最初の顧客はドイツ人ではなかった。1887年、すでにベンツの定置エンジンをライセンス生産していたパリの自転車メーカーエミール・ロジェがマンハイムへ来て一台を買った。彼はフランスの代理店となり、エミール・ルヴァソールに一台を売り、何年ものあいだ地球上のほとんどのベンツ車は、フランス人がフランス人に売るものだった。

ベルタの旅から一か月後の1888年9月、ベンツはミュンヘンの産業博覧会に車を出して金メダルを得た。彼とベルタは市内を走り、地元紙が報じ、ライプツィヒの挿絵週刊誌が二人をティラーに据えた版画を載せ、Scientific Americanが1889年1月にそれを転載した。自動車は初めてのプレスツアーを得た。

それでも量は売れなかった。1886年から1893年のあいだにおよそ25台のPatent-Motorwagenが造られ、三つの進化モデルを経て出力と冷却水量が増え、やがて第三速も加わった。イギリスでは1896年まで法律そのものが障壁だった。ドイツでは、ベンツによれば、障壁は同じくらい高いが、ただ非公式だっただけだという。

状況を変えたのは、より良い三輪車ではなかった。車が注文を待たず、小さく手頃で同一の、注文前に造られる製品になり得るという気づきだった。

第V章 · 1894–1902

二度以上造られた最初の車。

Benz Motor-Velocipedeは1894年4月に登場した——今度は四輪、1.5馬力を出す1,045 cc単気筒、およそ20 km/h、価格は2,000マルク、「最上の金具とランタン付き一式」。ベンツは1867年から熱心なサイクリストで、自転車にちなんで名を付けた。誰もがそれをVeloと呼んだ。
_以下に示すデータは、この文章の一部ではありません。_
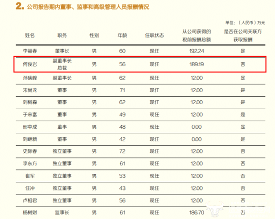 显然,何俊岩精通业务,所以,2015年10月,何俊岩就正式升任公司总裁,到今年10月就10年。近五年来,何俊岩的薪酬较稳定,总体来看变化不大。据东方财富网统计数据显示,2020年至2024年期间,何俊岩的薪酬分别为191.0万元、190.5万元、189.8万元、189.5万元、189.2万元。
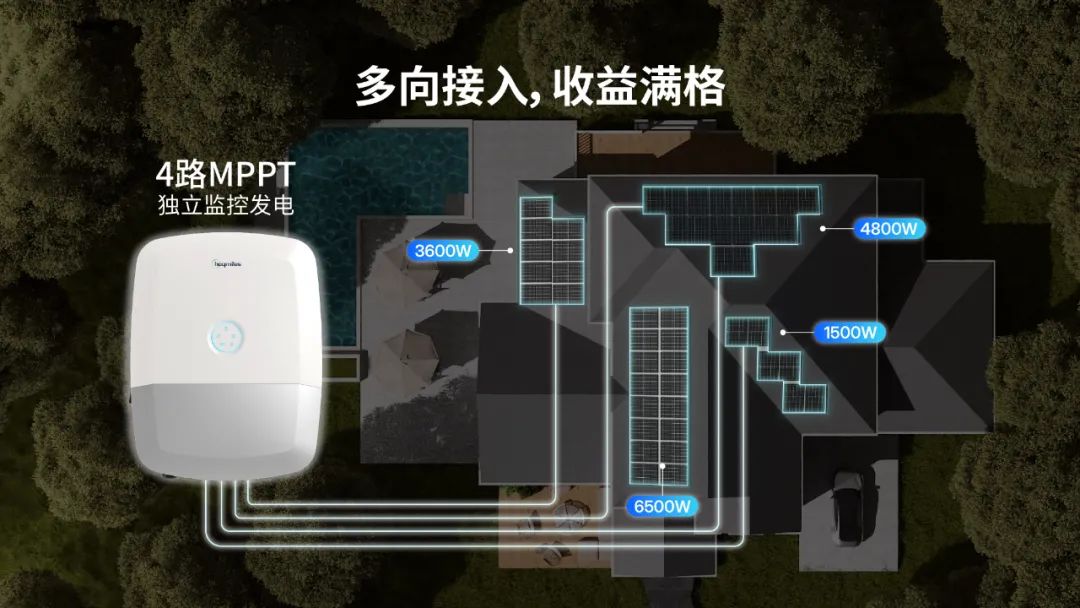 禾邁HIT系列混合逆變器憑借4路獨立MPPT精準(zhǔn)追蹤光伏組件的最大功率點輸出,完美適配多朝向復(fù)雜屋頂結(jié)構(gòu),確保各個方位的組件都能實現(xiàn)高效發(fā)電。其高達(dá)98.5%的峰值轉(zhuǎn)換效率,顯著提升了系統(tǒng)整體發(fā)電性能,有效解決了多臺空調(diào)長時間運行帶來的高耗電難題。

1894年に67台、1895年に134台が造られ、1902年にカタログから姿を消すまでにVeloファミリーはおよそ1,200台に達した——史上初の量産自動車である。ベンツは1909年に振り返って率直に言った。「この車両への需要は文字どおり圧倒的だった。造ったものはすぐに売れた。」

1886年のマンハイムで車をタダでも渡せなかった会社は、世紀の終わりまでに世界最大の自動車メーカーとなった。

排気量
1,045 cc
出力
1.5 PS
価格、1894年
2,000 M
1902年までの生産
~1,200
マンハイム工場の石畳の中庭に並ぶBenz Veloの列
Velo、そしてその後ろにもまったく同じVelo。その反復——エンジンではなく——が、自動車産業の始まりの瞬間である。

九年、六つの転換点。

壁にぶつかった機械から、2,000マルクあれば誰でも買える車へ。

  1. 1885

    動く

    プロトタイプがマンハイム工場の庭で自力走行し——壁に衝突する。

  2. 1886

    DRP 37435

    ベンツが1月29日に「ガスエンジンで動く乗り物」の特許を出願。11月に認可される。

  3. 1886

    公開の場で

    7月3日、Patent-Motorwagenがマンハイムのリングシュトラーセを、関心ある者の前で走行する。

  4. 1887

    最初の顧客

    パリの自転車メーカー、エミール・ロジェが一台を買い、フランスに最初の車を売る代理店となる。

  5. 1888

    プフォルツハイム

    ベルタ・ベンツが車と二人の息子を連れておよそ百キロを走り、実用を証明する。

  6. 1894

    Velo

    1902年までに約1,200台——史上初めて、同じ方法で二度以上造られた車。

エピローグ

彼が一度も会わなかったライバル。

同じ頃、およそ百キロ離れたカンシュタットで、ゴットリープ・ダイムラーヴィルヘルム・マイバッハは同じ問題を反対側から解いていた——速く軽いエンジンが、動かす対象を探していた。二つの企業は四十年を競合として過ごし、1926年に一つの会社になる。ベンツとダイムラーはともに1897年、ドイツ初の自動車クラブの創設メンバーとして名を連ねた——同じ部屋にいた唯一の機会だったかもしれない。「私は生涯、ダイムラーと一度も話したことがない」とベンツは書いた。

オリジナルの車は無傷では残らなかった。1895年頃に会社が散らばった部品を集め再組立し、1906年にミュンヘンのドイツ博物館へ寄贈——いまもそこに立つ。1925年7月、八十歳のカール・ベンツは古い機械のパレードの先頭で最後にもう一度それを走らせた——車であふれる街を、最初の車を操る老人。結局のところ、そのすべてが彼のものだった。